═══ Information shown ═══

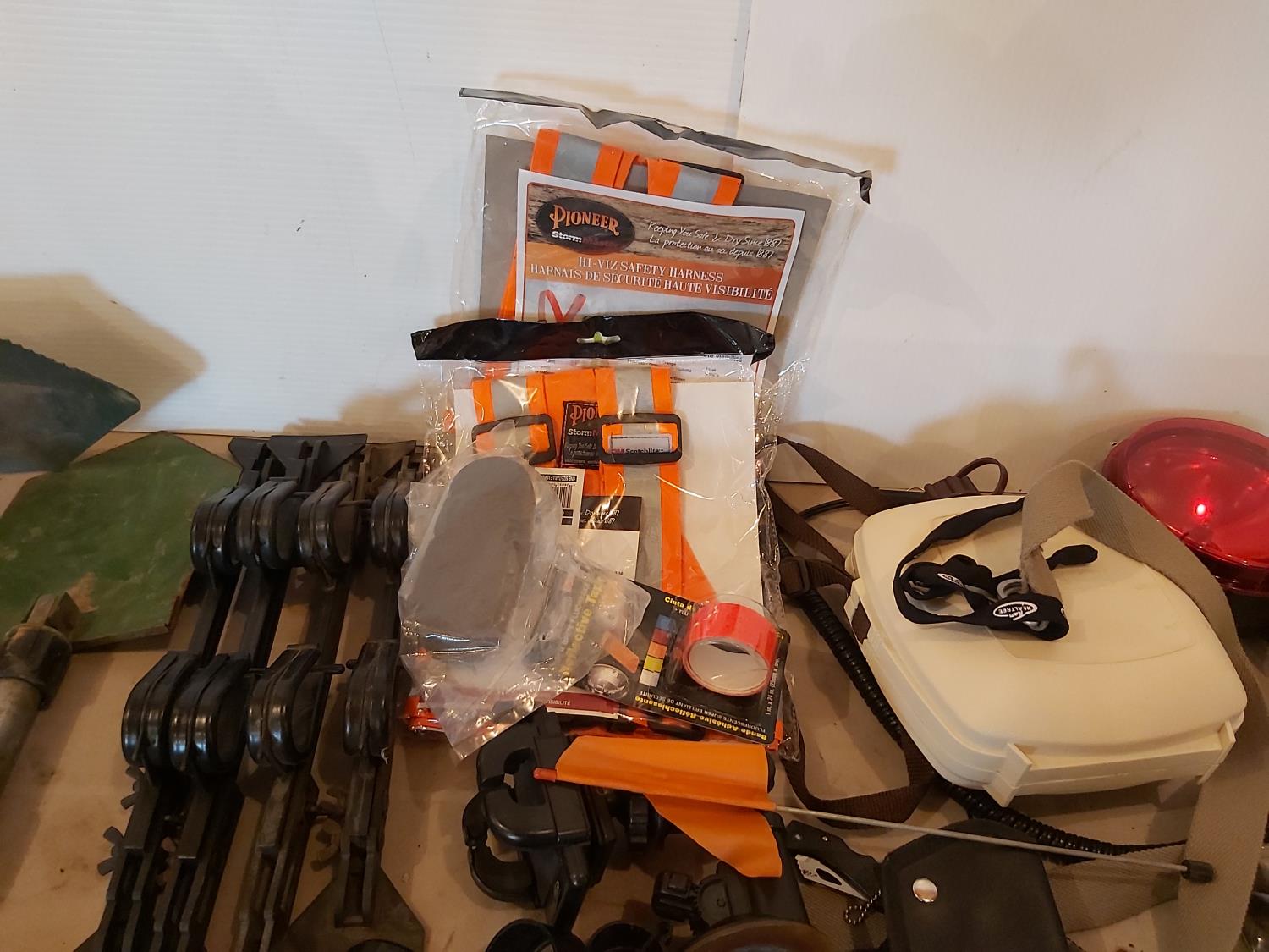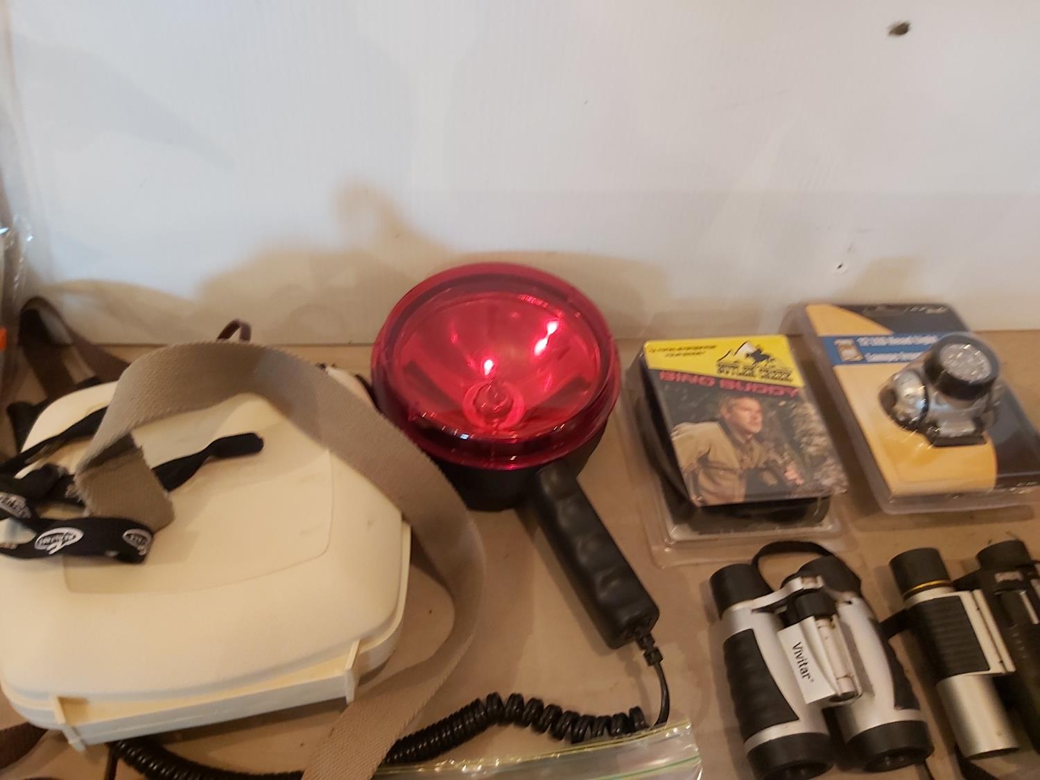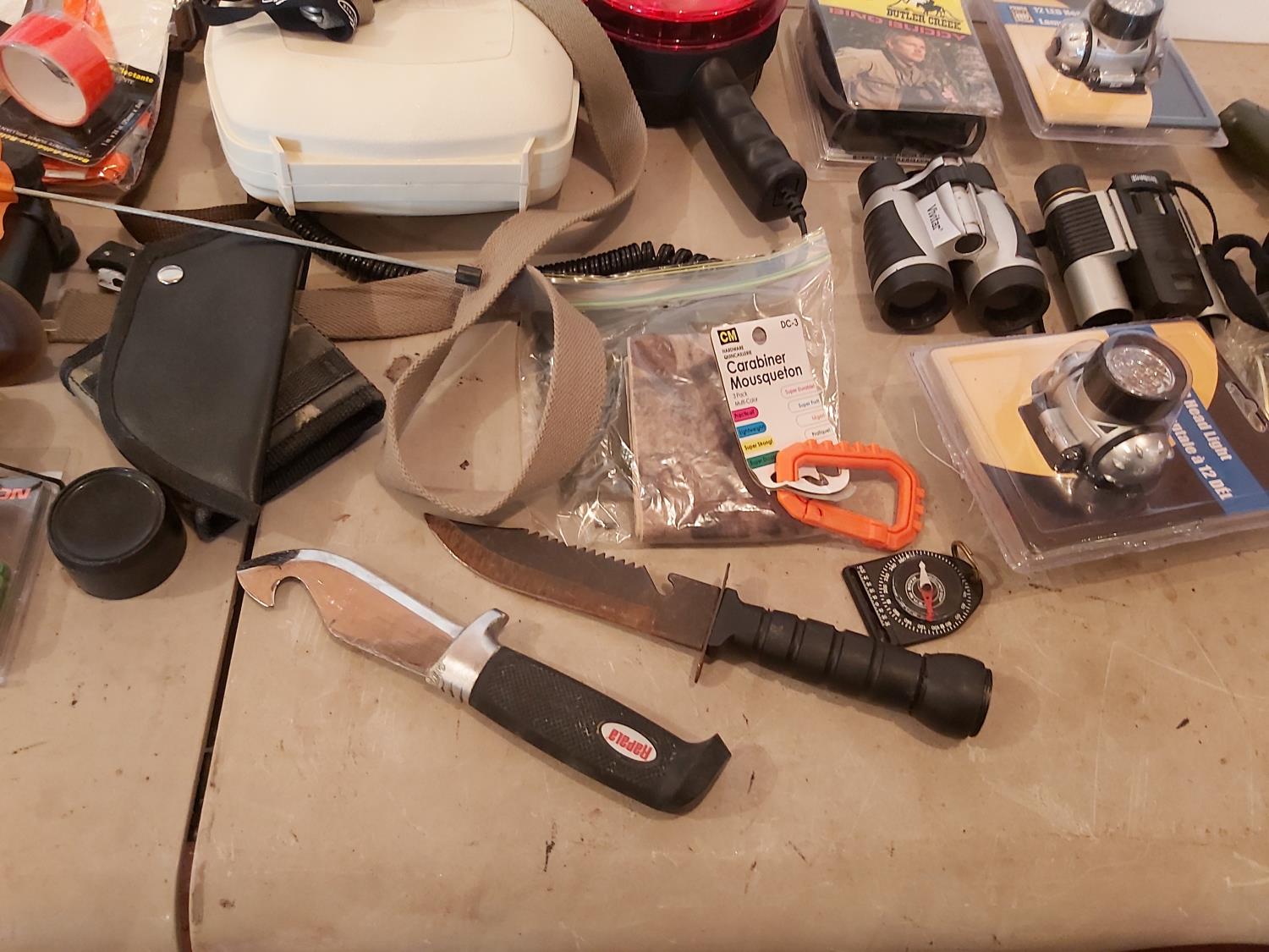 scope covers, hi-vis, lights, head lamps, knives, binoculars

═══
═══ Information shown ═══

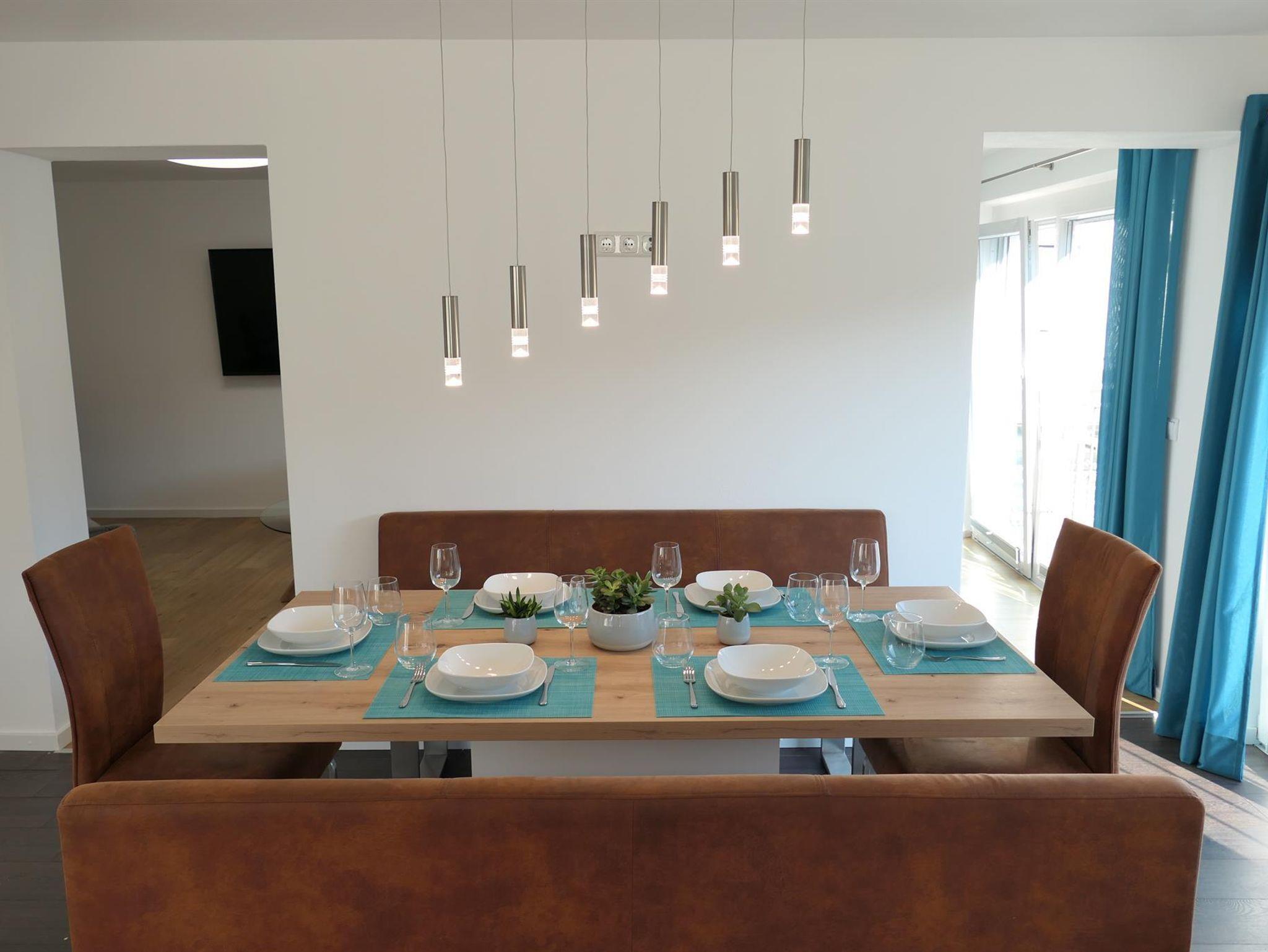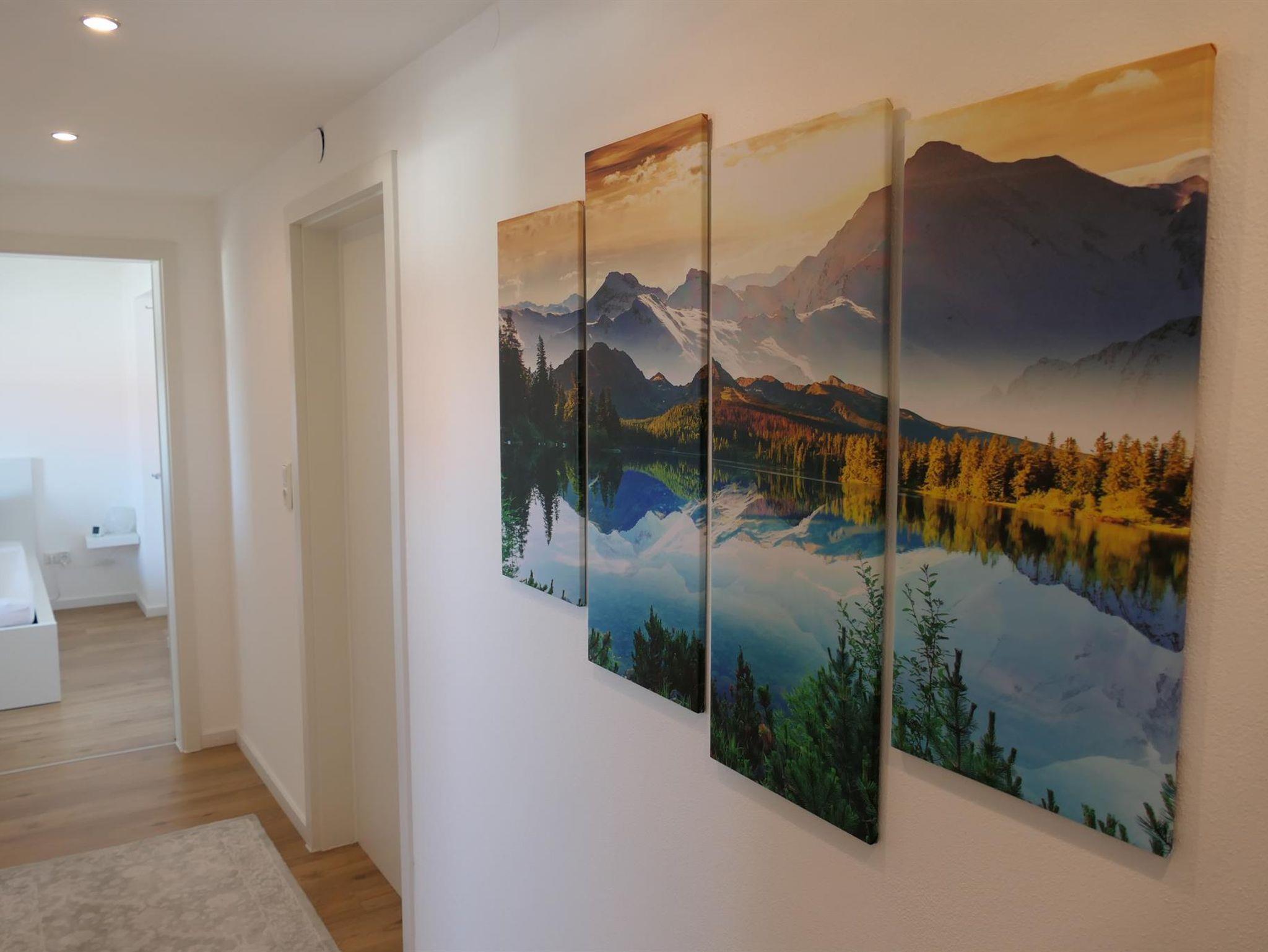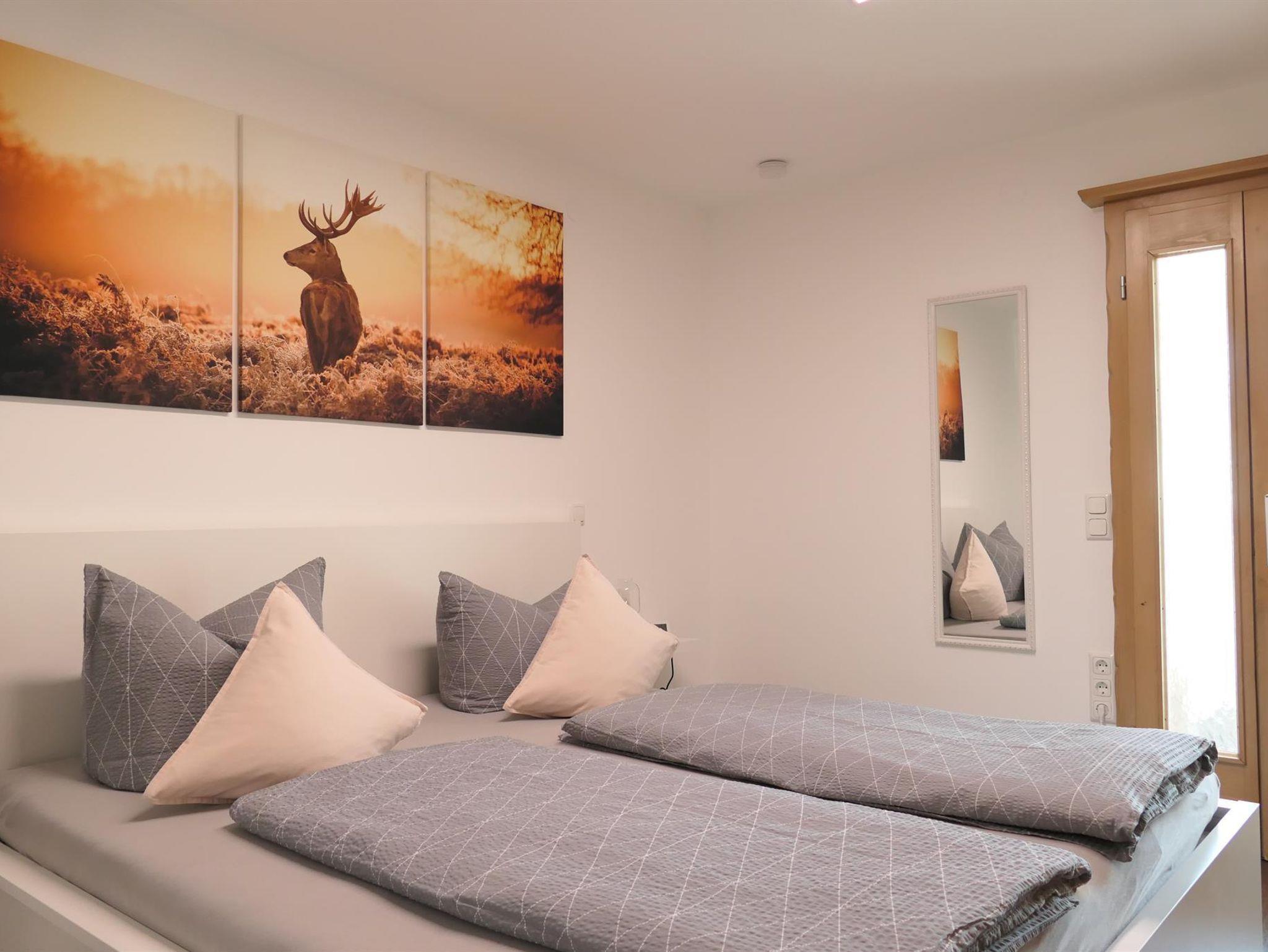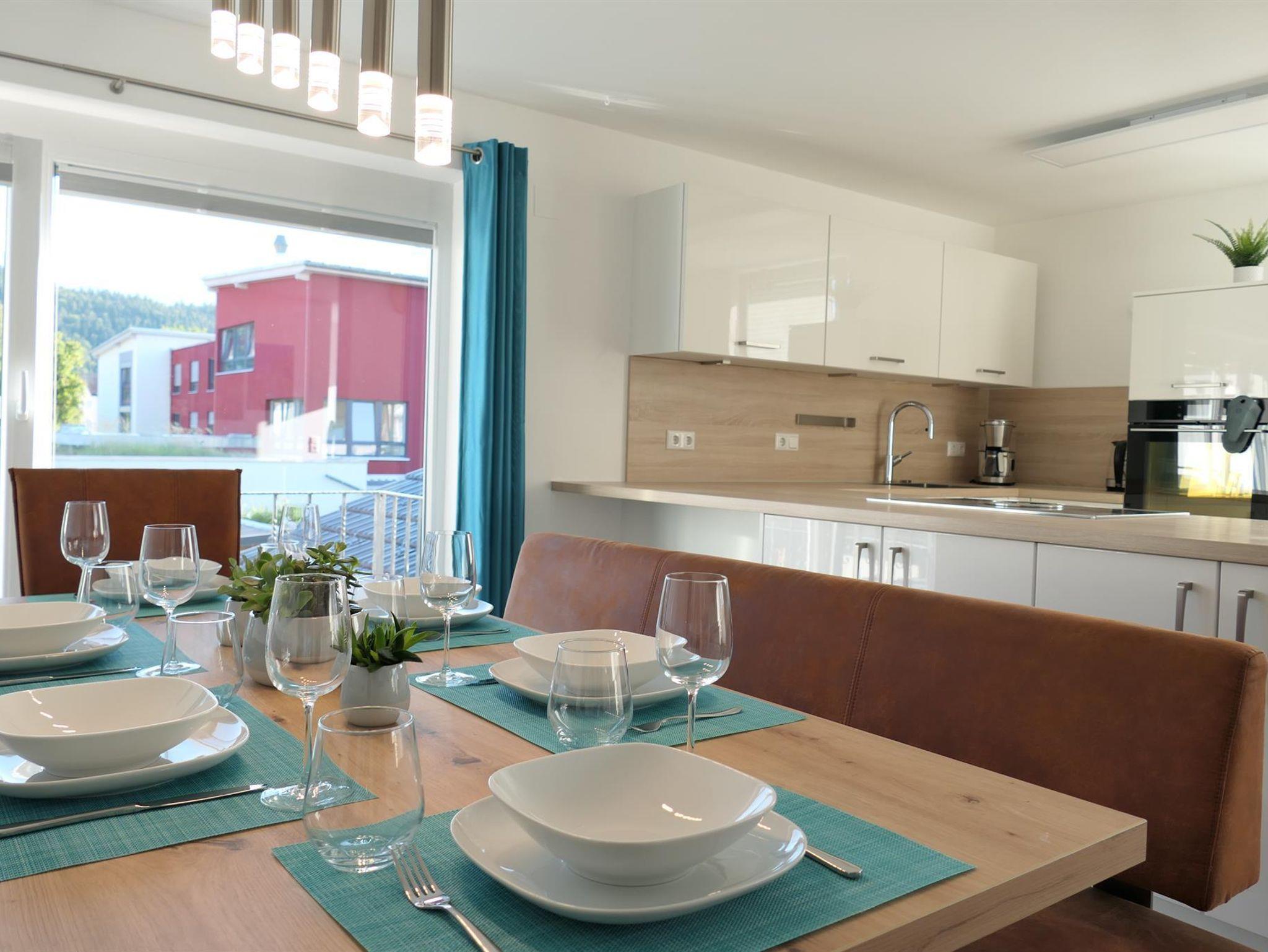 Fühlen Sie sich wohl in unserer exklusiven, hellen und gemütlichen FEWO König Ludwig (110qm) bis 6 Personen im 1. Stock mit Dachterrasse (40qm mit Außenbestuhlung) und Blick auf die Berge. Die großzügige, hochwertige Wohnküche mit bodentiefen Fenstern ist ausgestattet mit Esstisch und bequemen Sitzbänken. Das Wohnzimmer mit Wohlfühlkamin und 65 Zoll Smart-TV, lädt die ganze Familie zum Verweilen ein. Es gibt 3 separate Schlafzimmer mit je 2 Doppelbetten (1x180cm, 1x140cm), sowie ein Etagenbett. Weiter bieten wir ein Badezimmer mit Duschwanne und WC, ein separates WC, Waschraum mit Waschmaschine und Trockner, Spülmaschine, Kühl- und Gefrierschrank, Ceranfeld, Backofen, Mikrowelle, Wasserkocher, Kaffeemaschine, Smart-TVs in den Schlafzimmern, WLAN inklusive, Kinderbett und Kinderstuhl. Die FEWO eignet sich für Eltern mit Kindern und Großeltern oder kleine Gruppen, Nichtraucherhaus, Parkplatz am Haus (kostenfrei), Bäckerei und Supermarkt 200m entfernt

═══
═══ Information shown ═══

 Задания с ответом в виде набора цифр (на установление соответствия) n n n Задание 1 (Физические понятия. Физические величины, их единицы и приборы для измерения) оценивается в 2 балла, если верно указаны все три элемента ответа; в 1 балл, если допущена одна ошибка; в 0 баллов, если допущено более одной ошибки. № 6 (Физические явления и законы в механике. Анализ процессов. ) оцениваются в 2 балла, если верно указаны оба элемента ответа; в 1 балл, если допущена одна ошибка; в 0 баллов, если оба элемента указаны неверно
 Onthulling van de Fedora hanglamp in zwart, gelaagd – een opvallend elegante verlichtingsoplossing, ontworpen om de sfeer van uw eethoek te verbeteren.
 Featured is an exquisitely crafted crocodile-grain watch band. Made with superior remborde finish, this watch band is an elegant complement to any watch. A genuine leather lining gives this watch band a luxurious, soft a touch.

═══

Work order: Among the entries above, copy exactly only the lines starting with the one containing "Задания с ответом" and going through the one containing "Onthulling van de", both ends included.

Task response:
 Задания с ответом в виде набора цифр (на установление соответствия) n n n Задание 1 (Физические понятия. Физические величины, их единицы и приборы для измерения) оценивается в 2 балла, если верно указаны все три элемента ответа; в 1 балл, если допущена одна ошибка; в 0 баллов, если допущено более одной ошибки. № 6 (Физические явления и законы в механике. Анализ процессов. ) оцениваются в 2 балла, если верно указаны оба элемента ответа; в 1 балл, если допущена одна ошибка; в 0 баллов, если оба элемента указаны неверно
 Onthulling van de Fedora hanglamp in zwart, gelaagd – een opvallend elegante verlichtingsoplossing, ontworpen om de sfeer van uw eethoek te verbeteren.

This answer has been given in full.